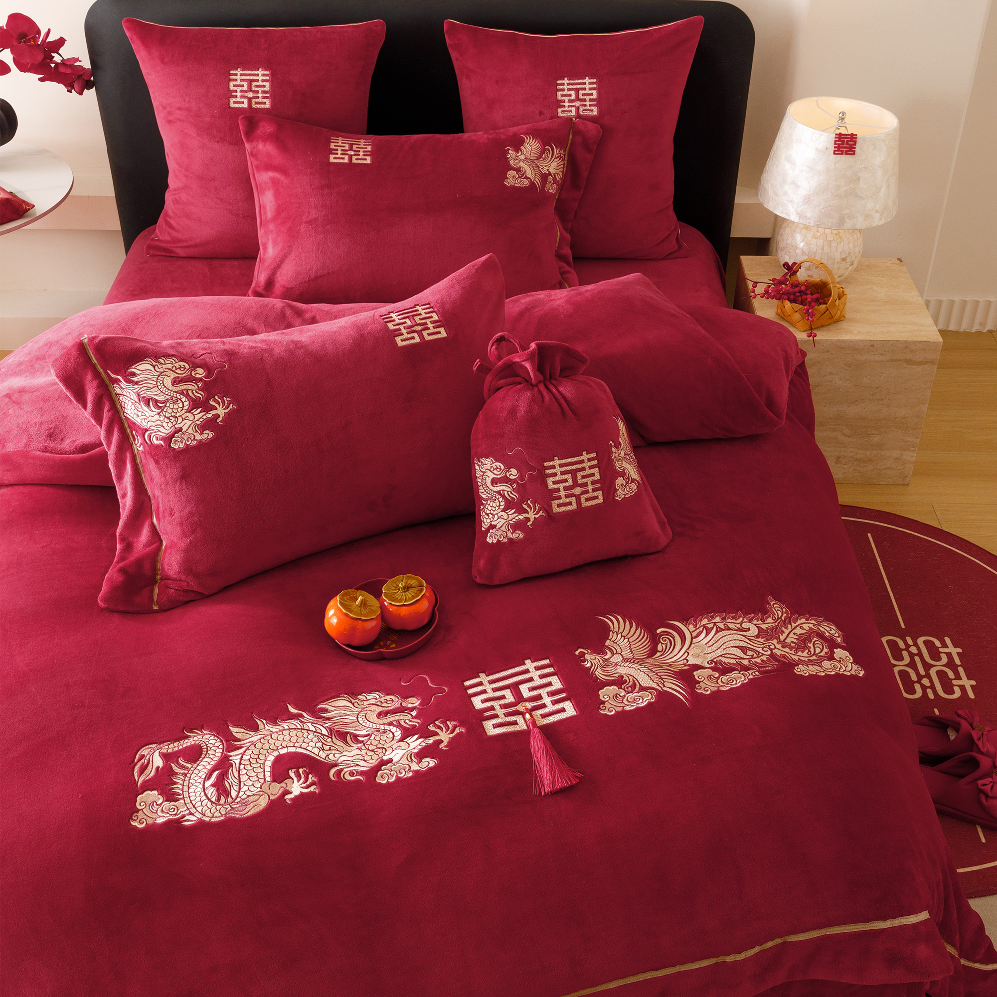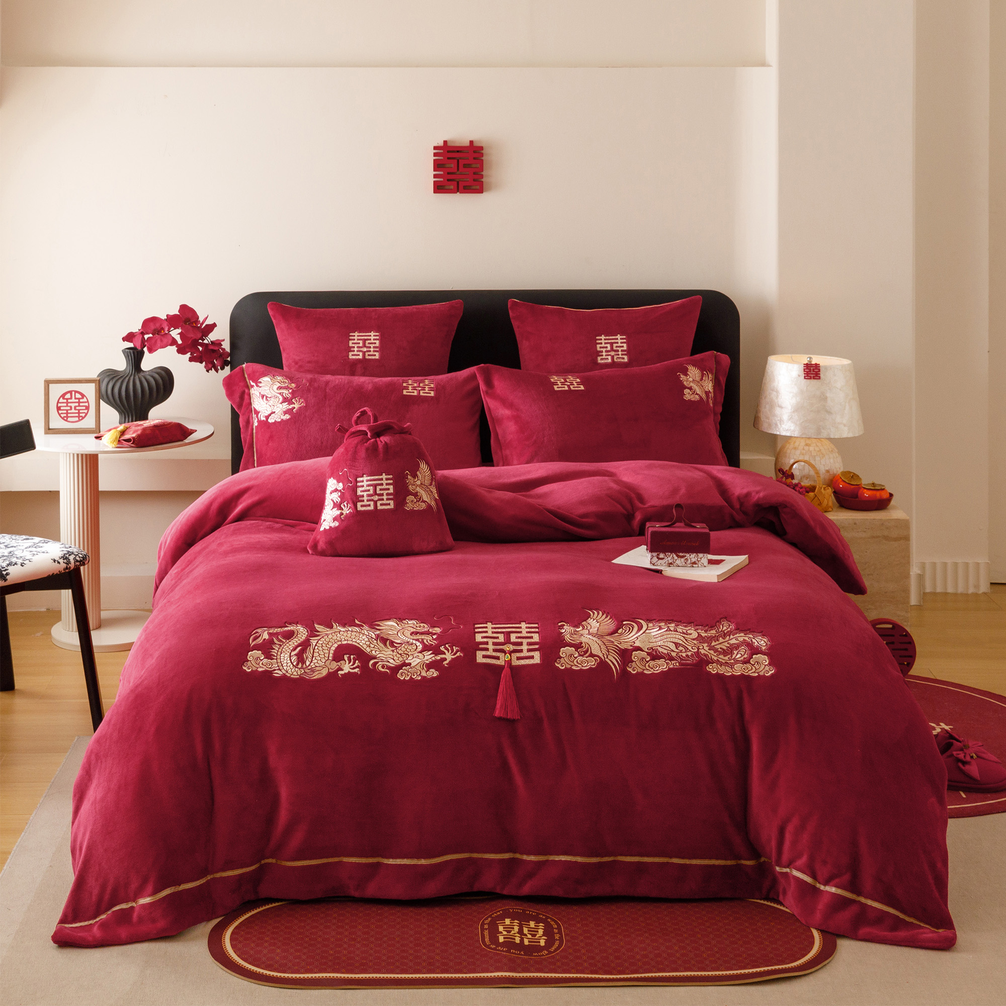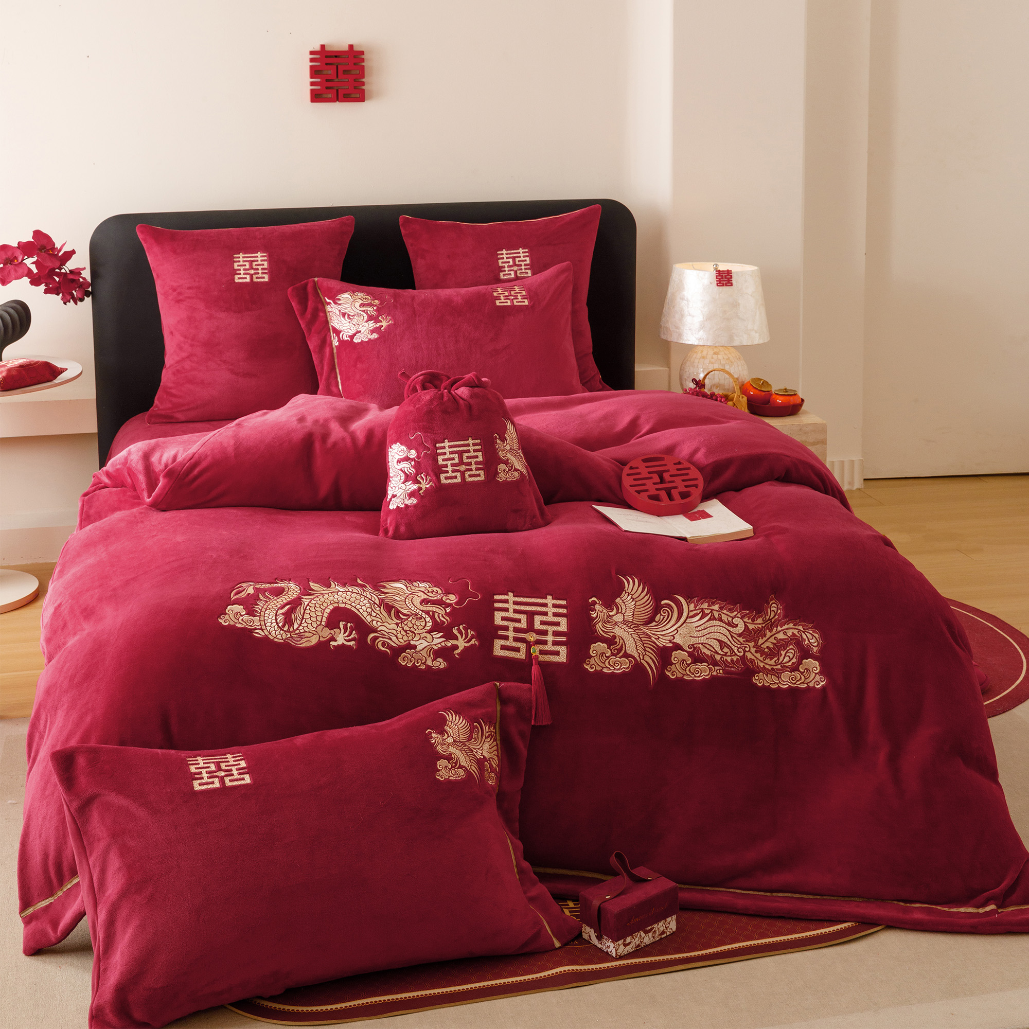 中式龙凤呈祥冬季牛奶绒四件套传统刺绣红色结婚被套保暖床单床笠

---

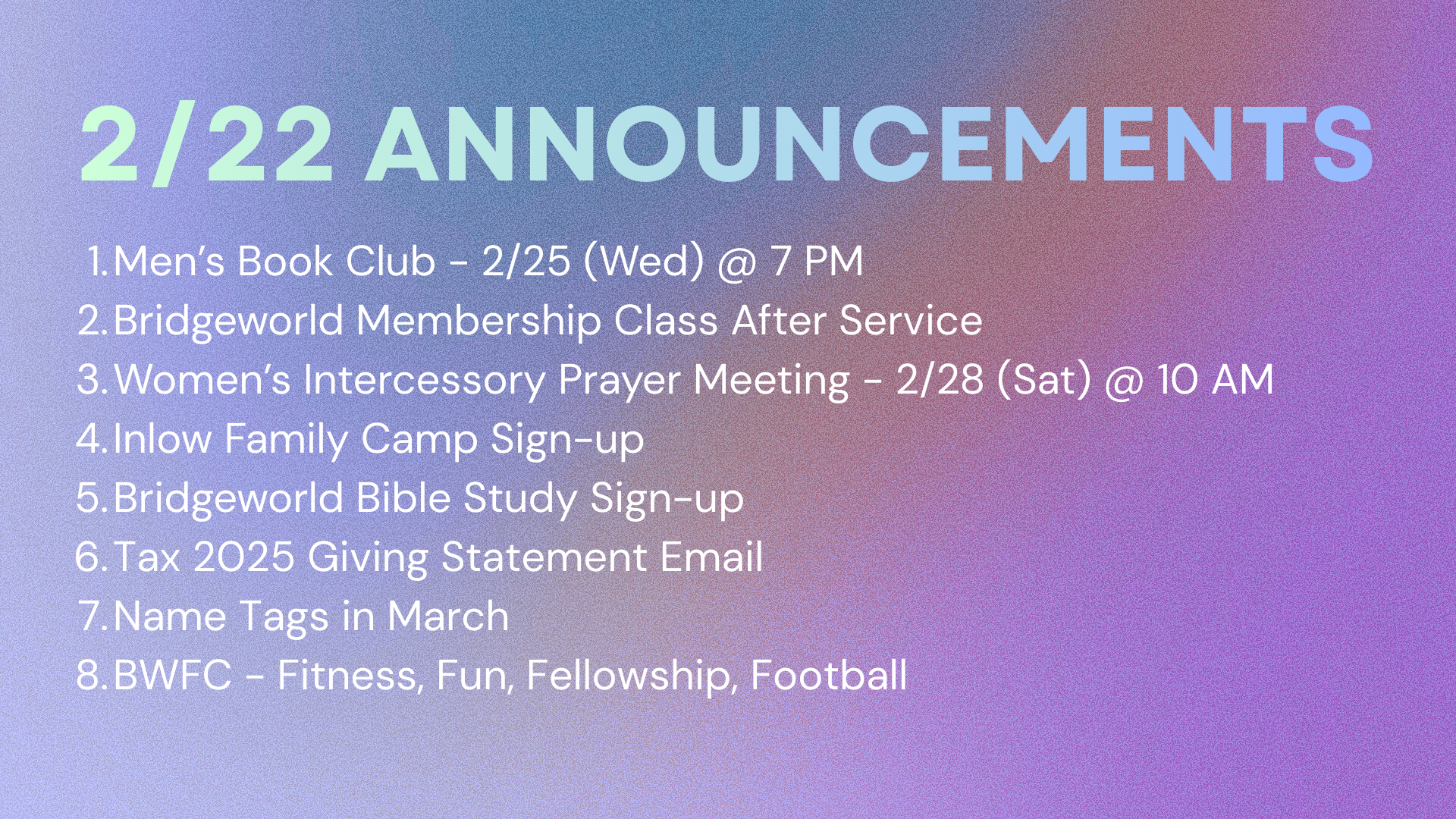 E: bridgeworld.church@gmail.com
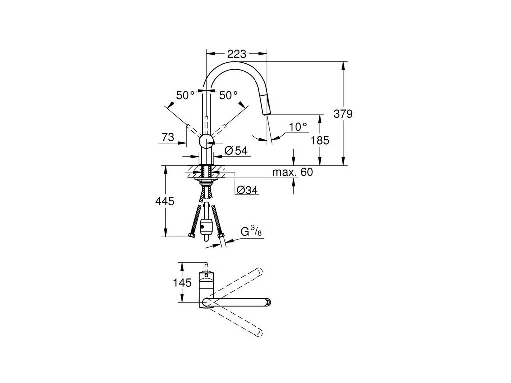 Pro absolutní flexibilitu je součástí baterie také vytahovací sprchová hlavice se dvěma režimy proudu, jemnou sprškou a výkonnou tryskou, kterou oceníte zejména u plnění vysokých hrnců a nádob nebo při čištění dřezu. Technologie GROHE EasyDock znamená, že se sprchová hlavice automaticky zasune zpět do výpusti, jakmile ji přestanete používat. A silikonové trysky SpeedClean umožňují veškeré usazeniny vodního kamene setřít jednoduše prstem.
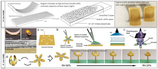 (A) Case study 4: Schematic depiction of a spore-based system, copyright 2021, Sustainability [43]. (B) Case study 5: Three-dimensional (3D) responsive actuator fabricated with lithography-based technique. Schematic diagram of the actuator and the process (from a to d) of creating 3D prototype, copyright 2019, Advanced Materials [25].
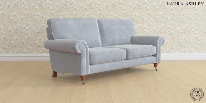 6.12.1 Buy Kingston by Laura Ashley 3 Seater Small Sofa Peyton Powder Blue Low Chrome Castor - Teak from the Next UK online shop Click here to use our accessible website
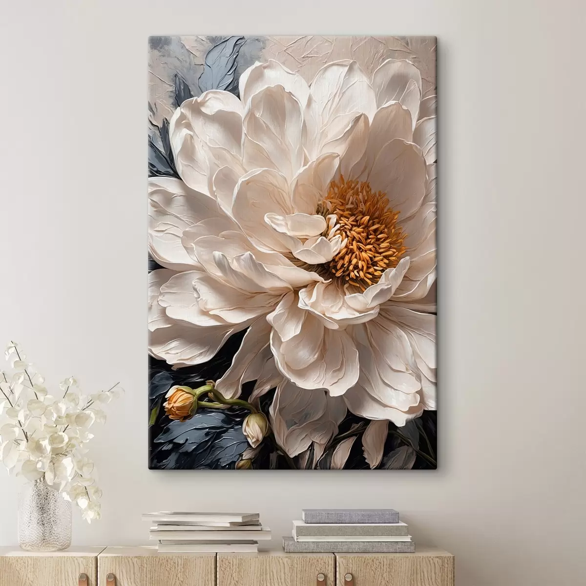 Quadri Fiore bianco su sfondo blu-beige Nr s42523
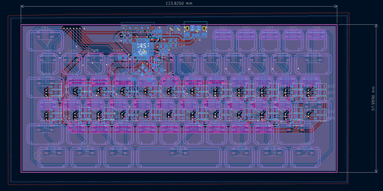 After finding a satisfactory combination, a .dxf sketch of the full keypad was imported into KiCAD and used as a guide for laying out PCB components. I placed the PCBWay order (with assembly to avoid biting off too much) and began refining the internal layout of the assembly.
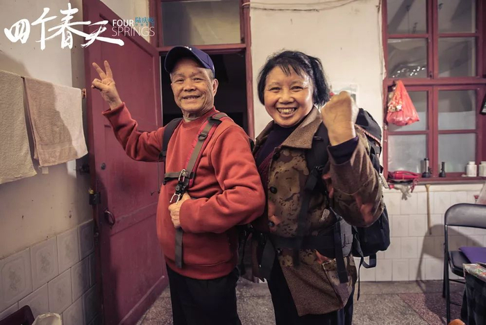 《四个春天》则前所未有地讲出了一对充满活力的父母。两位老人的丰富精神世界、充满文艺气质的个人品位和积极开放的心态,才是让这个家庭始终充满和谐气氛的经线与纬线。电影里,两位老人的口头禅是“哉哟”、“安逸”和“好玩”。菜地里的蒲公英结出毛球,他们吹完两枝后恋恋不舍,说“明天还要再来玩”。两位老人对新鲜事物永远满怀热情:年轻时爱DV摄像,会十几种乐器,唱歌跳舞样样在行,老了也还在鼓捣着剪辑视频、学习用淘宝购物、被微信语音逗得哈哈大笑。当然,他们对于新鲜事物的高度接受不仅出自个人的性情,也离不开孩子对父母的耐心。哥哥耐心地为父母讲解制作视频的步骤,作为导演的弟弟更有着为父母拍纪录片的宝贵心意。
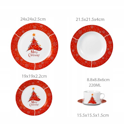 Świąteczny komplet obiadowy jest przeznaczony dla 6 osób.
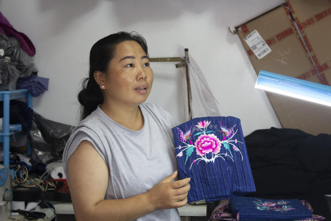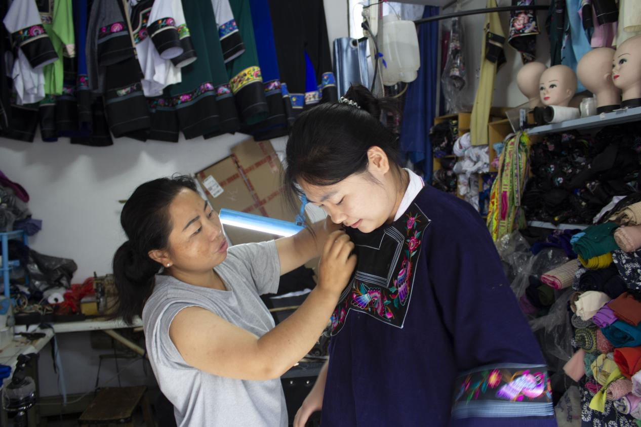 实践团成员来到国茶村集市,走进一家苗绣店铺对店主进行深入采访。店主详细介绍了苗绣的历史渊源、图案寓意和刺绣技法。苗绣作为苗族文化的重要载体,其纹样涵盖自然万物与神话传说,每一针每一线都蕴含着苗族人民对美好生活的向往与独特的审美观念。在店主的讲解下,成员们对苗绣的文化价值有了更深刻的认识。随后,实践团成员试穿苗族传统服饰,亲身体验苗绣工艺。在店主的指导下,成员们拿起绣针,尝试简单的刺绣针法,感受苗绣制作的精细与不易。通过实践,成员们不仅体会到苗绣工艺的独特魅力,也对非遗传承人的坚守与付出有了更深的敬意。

==

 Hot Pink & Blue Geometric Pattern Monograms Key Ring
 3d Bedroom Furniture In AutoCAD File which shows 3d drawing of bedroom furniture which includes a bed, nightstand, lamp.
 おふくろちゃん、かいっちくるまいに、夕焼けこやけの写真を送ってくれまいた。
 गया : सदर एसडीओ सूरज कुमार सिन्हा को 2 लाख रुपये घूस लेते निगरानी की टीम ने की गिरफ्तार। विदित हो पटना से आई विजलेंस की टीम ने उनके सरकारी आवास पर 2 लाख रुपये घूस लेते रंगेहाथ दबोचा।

● **WHAT THE TASK REQUIRES**
While skipping the pictures, transcribe the data above from the line showing "(A) Case study" through the line showing "实践团成员来到国茶村集市,走", exactly and with both ends.

● **FINISHED EXERCISE**
 (A) Case study 4: Schematic depiction of a spore-based system, copyright 2021, Sustainability [43]. (B) Case study 5: Three-dimensional (3D) responsive actuator fabricated with lithography-based technique. Schematic diagram of the actuator and the process (from a to d) of creating 3D prototype, copyright 2019, Advanced Materials [25].
 6.12.1 Buy Kingston by Laura Ashley 3 Seater Small Sofa Peyton Powder Blue Low Chrome Castor - Teak from the Next UK online shop Click here to use our accessible website
 Quadri Fiore bianco su sfondo blu-beige Nr s42523
 After finding a satisfactory combination, a .dxf sketch of the full keypad was imported into KiCAD and used as a guide for laying out PCB components. I placed the PCBWay order (with assembly to avoid biting off too much) and began refining the internal layout of the assembly.
 《四个春天》则前所未有地讲出了一对充满活力的父母。两位老人的丰富精神世界、充满文艺气质的个人品位和积极开放的心态,才是让这个家庭始终充满和谐气氛的经线与纬线。电影里,两位老人的口头禅是“哉哟”、“安逸”和“好玩”。菜地里的蒲公英结出毛球,他们吹完两枝后恋恋不舍,说“明天还要再来玩”。两位老人对新鲜事物永远满怀热情:年轻时爱DV摄像,会十几种乐器,唱歌跳舞样样在行,老了也还在鼓捣着剪辑视频、学习用淘宝购物、被微信语音逗得哈哈大笑。当然,他们对于新鲜事物的高度接受不仅出自个人的性情,也离不开孩子对父母的耐心。哥哥耐心地为父母讲解制作视频的步骤,作为导演的弟弟更有着为父母拍纪录片的宝贵心意。
 Świąteczny komplet obiadowy jest przeznaczony dla 6 osób.
 实践团成员来到国茶村集市,走进一家苗绣店铺对店主进行深入采访。店主详细介绍了苗绣的历史渊源、图案寓意和刺绣技法。苗绣作为苗族文化的重要载体,其纹样涵盖自然万物与神话传说,每一针每一线都蕴含着苗族人民对美好生活的向往与独特的审美观念。在店主的讲解下,成员们对苗绣的文化价值有了更深刻的认识。随后,实践团成员试穿苗族传统服饰,亲身体验苗绣工艺。在店主的指导下,成员们拿起绣针,尝试简单的刺绣针法,感受苗绣制作的精细与不易。通过实践,成员们不仅体会到苗绣工艺的独特魅力,也对非遗传承人的坚守与付出有了更深的敬意。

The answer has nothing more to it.